Planning for the end of the 'Emergency'
Published 09/08/2014 | 02:30
WHEN will the 'Emergency' be over? 'The Emergency' was, of course, the euphemistic term for the status of the country during World War II.
Notably, the then government didn't declare 'The Emergency' was over until 1946. The modern day 'Emergency' is the economic crisis, which engulfed the country from 2008 onwards and resulted in a series of Financial Emergency Measures in the Public Interest (FEMPI) bills. Mainly, the legislation cut the pay and pensions of public sector workers.
Eventually, the 'Emergency' will have to be declared to be over. The bailout has ended, the Troika have departed, economic growth is rising, unemployment is dropping - albeit never at a fast enough rate.
The country won't go back to the largesse of the Celtic Tiger era, but a sustainable economic model is the goal. Therefore, 'Emergency' measures come up for discussion.
Public Expenditure Minister Brendan Howlin has signalled his intention to enter talks with public sector trade unions next year to discuss what measures will be retained and reversed.
Throughout the crisis, workers in all sectors bore the brunt of direct and indirect tax hikes.

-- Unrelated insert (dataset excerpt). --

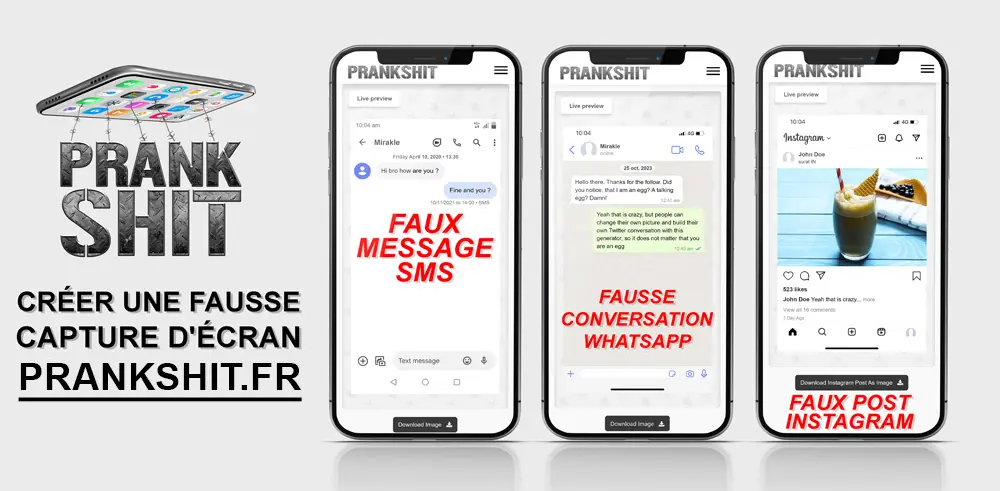 Vous souhaitez vous justifier ou blaguer votre entourage ? Sur Prankshit, vous pouvez créer de fausses conversations. Capturer un moment, immortaliser une conversation ou préserver un souvenir numérique, les captures d’écran se sont imposées comme un outil quotidien essentiel dans notre communication digitale. Prankshit élève cette pratique à un niveau supérieur en proposant un service unique : la création de fausses captures d’écran. Sa fonctionnalité exclusive permet de générer des imitations convaincantes de conversations SMS, d’e-mails, d’historiques d’appels, et même de publications sur Instagram, Facebook, Twitter et autres réseaux sociaux. Avec Prankshit, la seule limite est votre imagination.

Frontline public service workers, often not on extravagant salaries, were also hit by wage reductions and the pension levy under FEMPI. The talks are likely to result in the reversal of some of the pay cuts. Given the actuarial value of public sector pensions, there will be a debate around workers in the public sector continuing to make a larger contribution towards their pension.
In another context, Supreme Court Judge Adrian Hardiman summed up the difficulty of temporary measures becoming permanent: "The cry of emergency is 'an intoxicating one, producing an exhilarating freedom from the need to consider the rights of others and productive of a desire to repeat it again and again."

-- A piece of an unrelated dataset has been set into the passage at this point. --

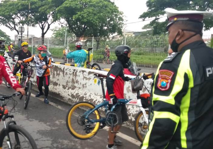 Anggota komunitas gowes pun tak bisa berkutik saat perjalanan mereka yang akan melewati pintu tol Suramadu diberhentikan dan diminta putar arah.
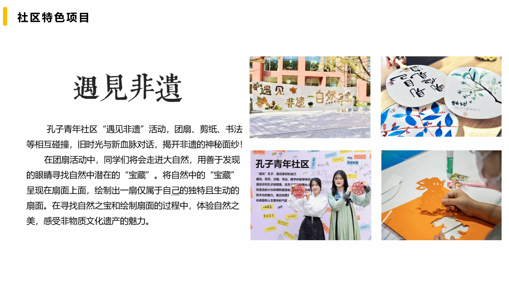 分党委围绕学校育人目标,以优秀传统文化为切入点,搭建非正式学习平台,优化非正式学习活动。先后组织开展 “国学讲堂”“诗词大会”“遇见文化展”等社区特色活动,激发学生对优秀传统文化的兴趣,增强文化认同,将“四个自信”转化成青年一代实现中国梦的强大精神内核。其中诗词大会获2023年度“学习强国”同学汇人气作品。

Mr Howlin's acknowledgement the 'Emergency' is coming to an end is a positive development.
We must be careful not to deny suicide crisis
PLANS by Tanaiste Joan Burton to introduce death certificates which omit the cause of death in the event of a suicide are proving to be divisive. Ms Burton will introduce new regulations to allow a "short form" death certificate to be used.
The short form certificate will not include how the person lost their life. The inclusion of the cause of death is highly distressing for families whose loved ones die by suicide.
And those families deserve to have their grief lessened in every way possible.
But Ms Burton's plans have raised concern in some quarters about introducing a layer of censorship to an area - mental health - that has already been brushed under the societal carpet for years.
At its peak, deaths by suicide surpassed road deaths and the issue is, therefore, a major public health issue.
Other than the distress caused to families, the necessity of formally recognising the cause of death has legal implications for the settlement of estates and for companies who provide life insurance policies.
It seems incredibly outdated, but for various life insurance packages, some companies include suicide as a reason not to pay out on the policy.
The Government must, therefore, tread a careful line between protecting families and standing accused of attempting to hide the scourge of suicide.
More, not less, transparency has helped reduce suicides, particularly in areas where there have been clusters.
Plans for the new regulations are at an advanced stage.
Ms Burton should perhaps allow for more public consultation before the laws are passed.